## Work instructions
Directions for the data below: repeat exactly the lines from the one with "Titanwolf Огромна подложка" through the one with "北京时间11月23日晚上21", both included, and omit all pictures.

## Given data
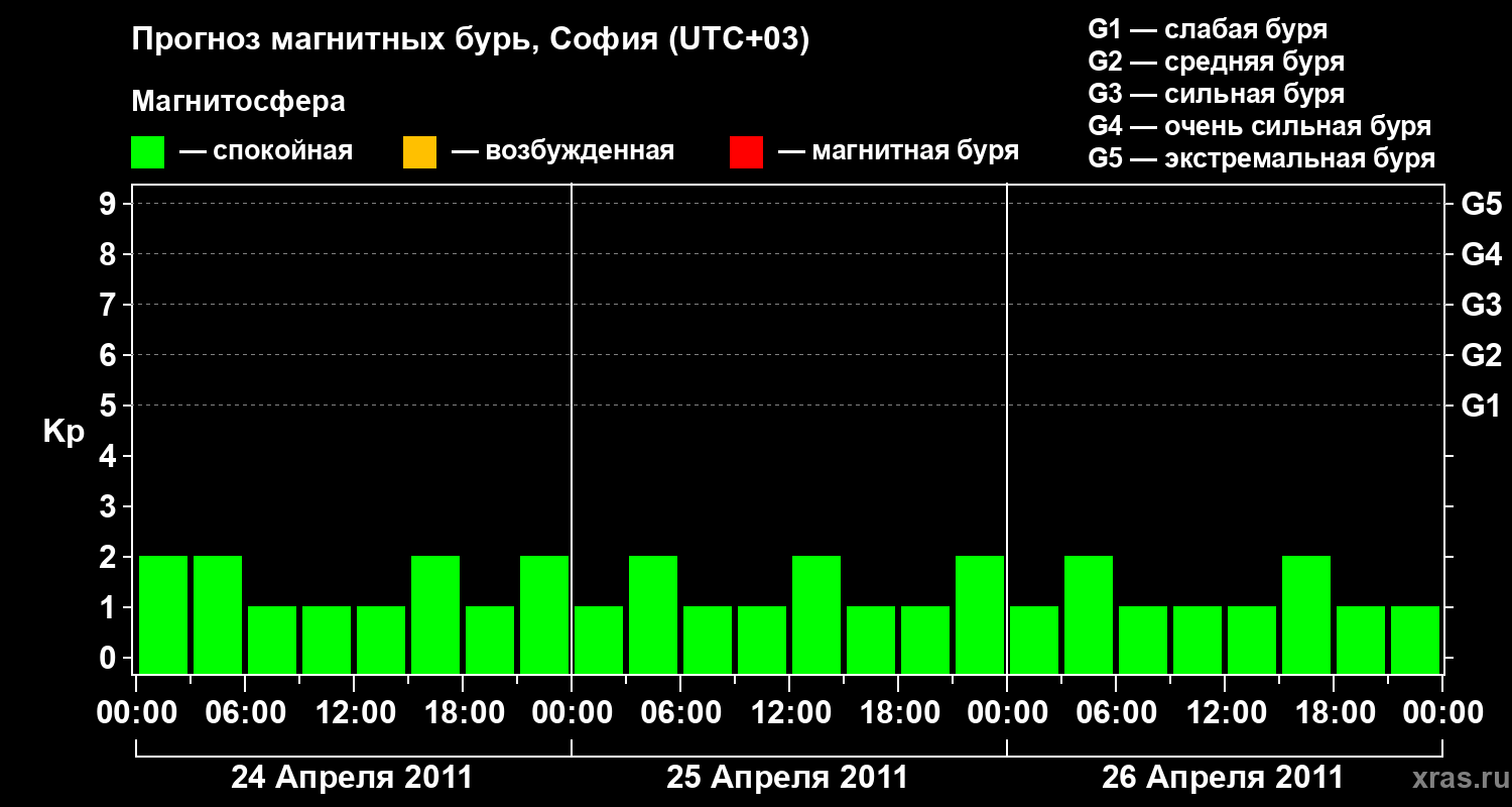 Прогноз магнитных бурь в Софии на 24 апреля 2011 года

...

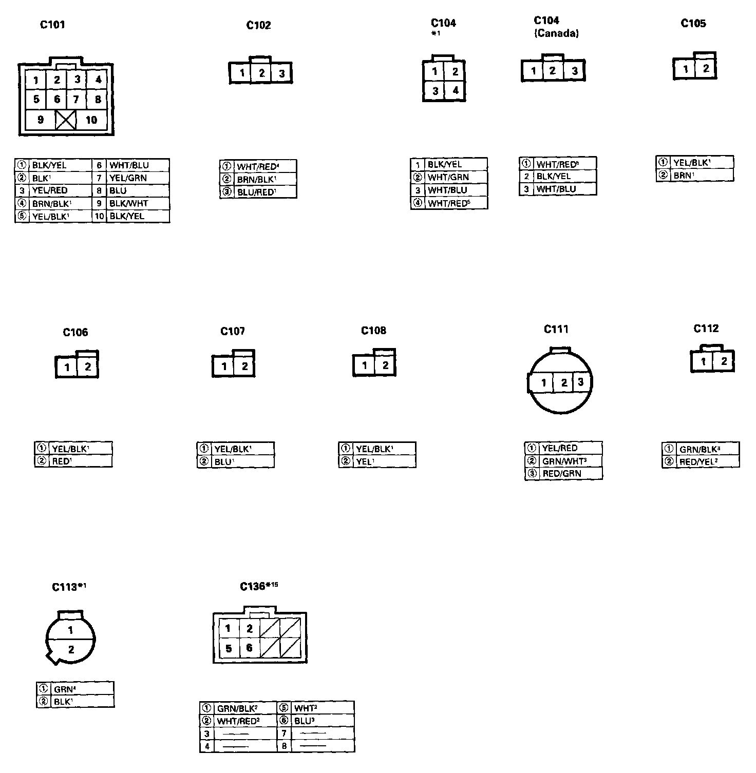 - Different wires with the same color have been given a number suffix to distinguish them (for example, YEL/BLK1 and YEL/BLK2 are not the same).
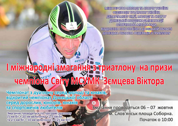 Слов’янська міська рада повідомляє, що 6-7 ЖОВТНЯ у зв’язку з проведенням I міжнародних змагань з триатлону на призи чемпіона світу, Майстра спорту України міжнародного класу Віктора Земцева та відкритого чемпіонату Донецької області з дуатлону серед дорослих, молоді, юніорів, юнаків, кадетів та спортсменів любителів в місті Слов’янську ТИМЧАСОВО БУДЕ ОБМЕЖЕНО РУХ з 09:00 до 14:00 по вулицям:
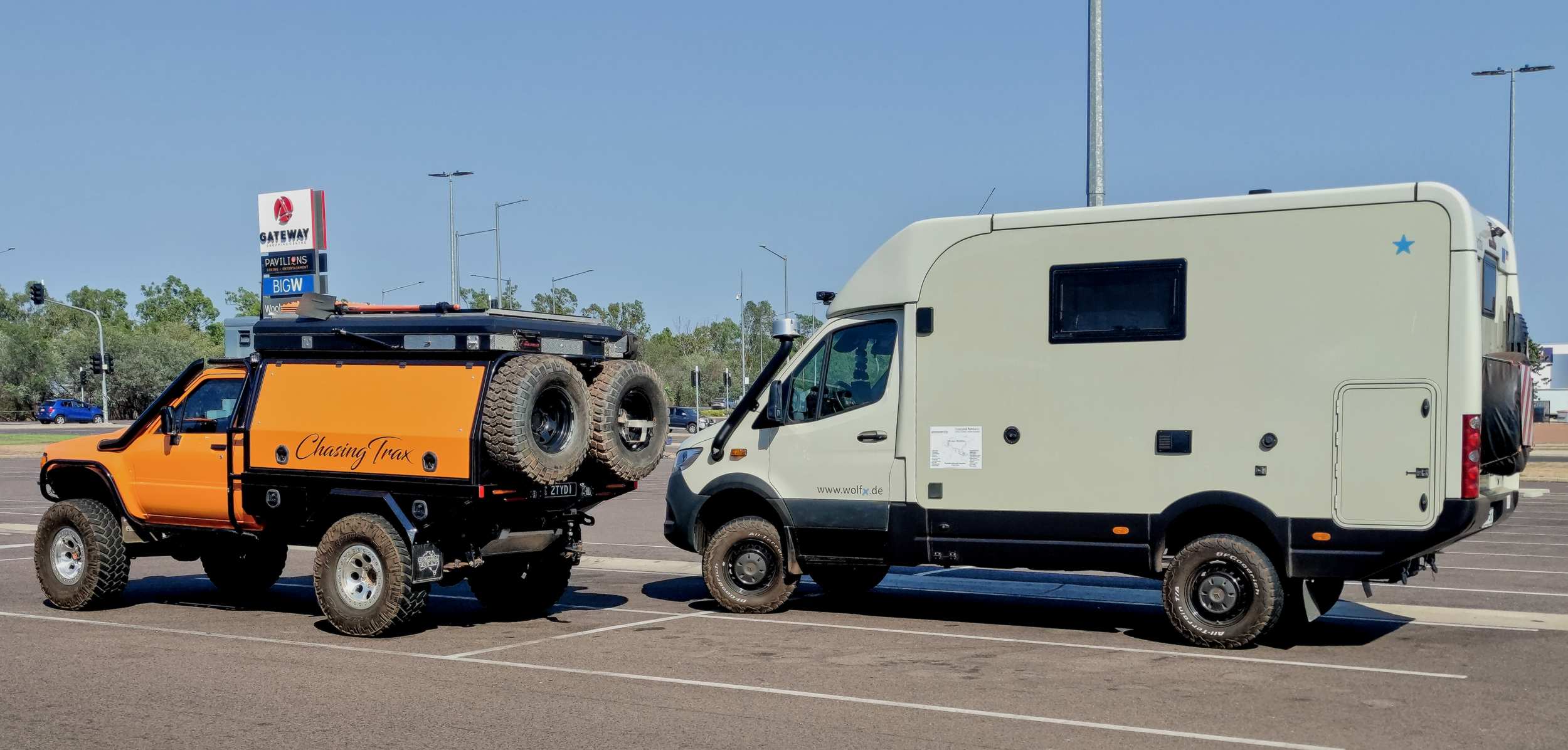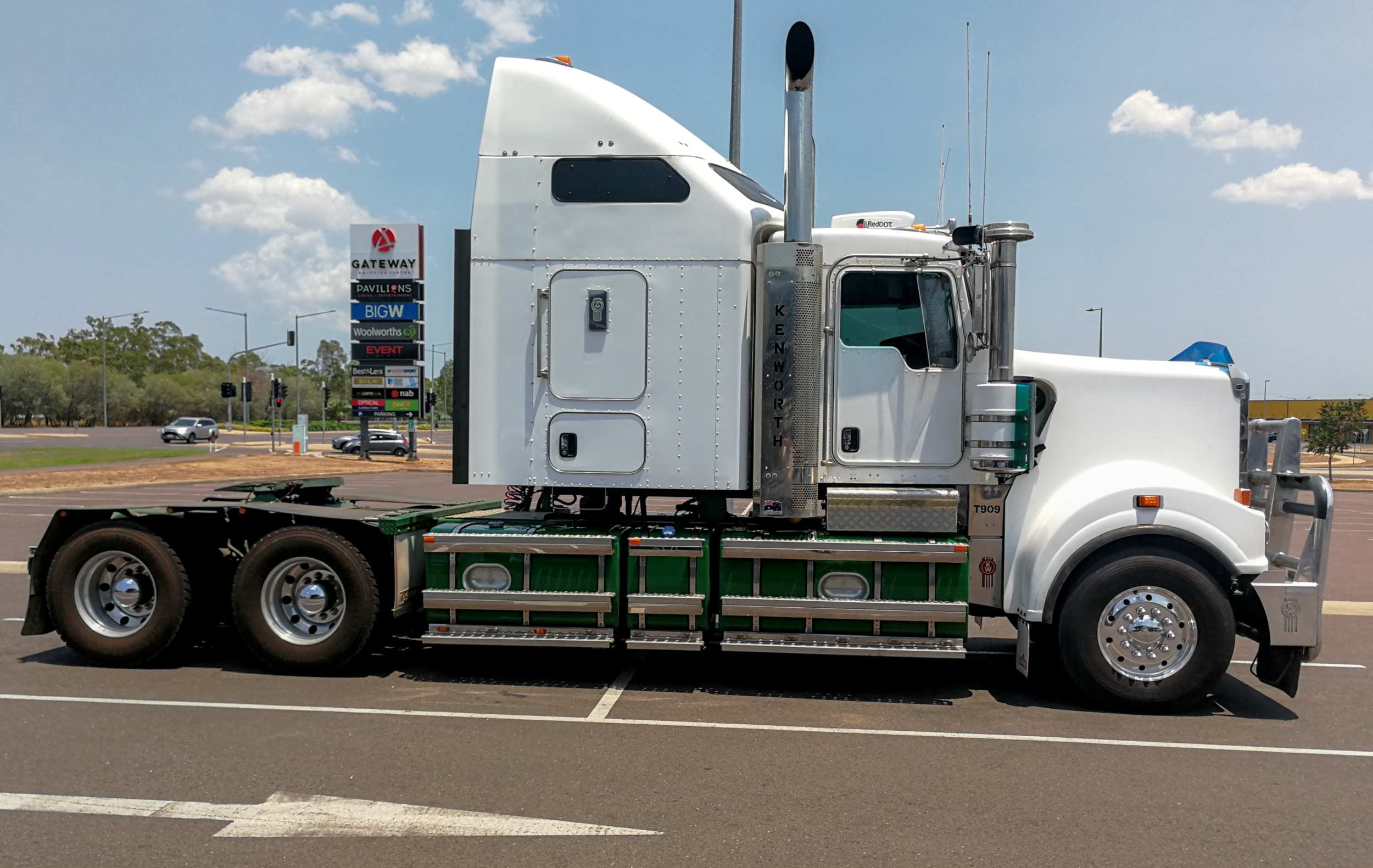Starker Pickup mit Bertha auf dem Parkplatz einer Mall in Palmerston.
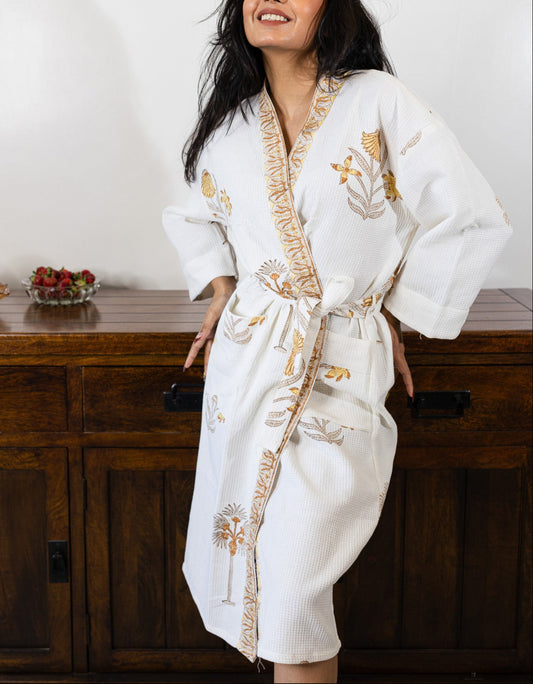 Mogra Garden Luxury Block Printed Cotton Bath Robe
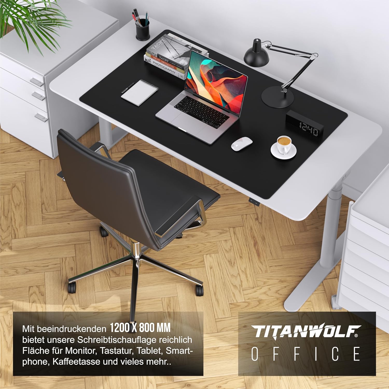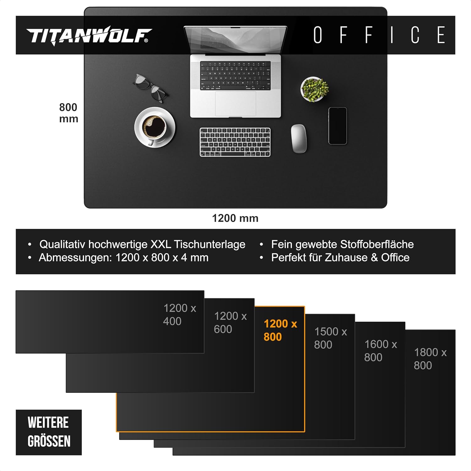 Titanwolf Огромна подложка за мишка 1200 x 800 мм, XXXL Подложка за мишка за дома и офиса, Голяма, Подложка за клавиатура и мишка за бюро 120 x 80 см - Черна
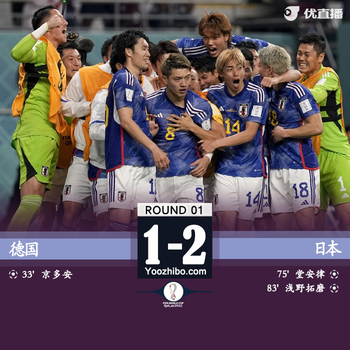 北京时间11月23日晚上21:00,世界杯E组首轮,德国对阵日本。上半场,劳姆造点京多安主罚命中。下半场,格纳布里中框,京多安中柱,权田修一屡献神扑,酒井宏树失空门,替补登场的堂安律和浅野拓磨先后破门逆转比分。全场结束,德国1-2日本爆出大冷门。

## Answer to the problem
 Titanwolf Огромна подложка за мишка 1200 x 800 мм, XXXL Подложка за мишка за дома и офиса, Голяма, Подложка за клавиатура и мишка за бюро 120 x 80 см - Черна
 北京时间11月23日晚上21:00,世界杯E组首轮,德国对阵日本。上半场,劳姆造点京多安主罚命中。下半场,格纳布里中框,京多安中柱,权田修一屡献神扑,酒井宏树失空门,替补登场的堂安律和浅野拓磨先后破门逆转比分。全场结束,德国1-2日本爆出大冷门。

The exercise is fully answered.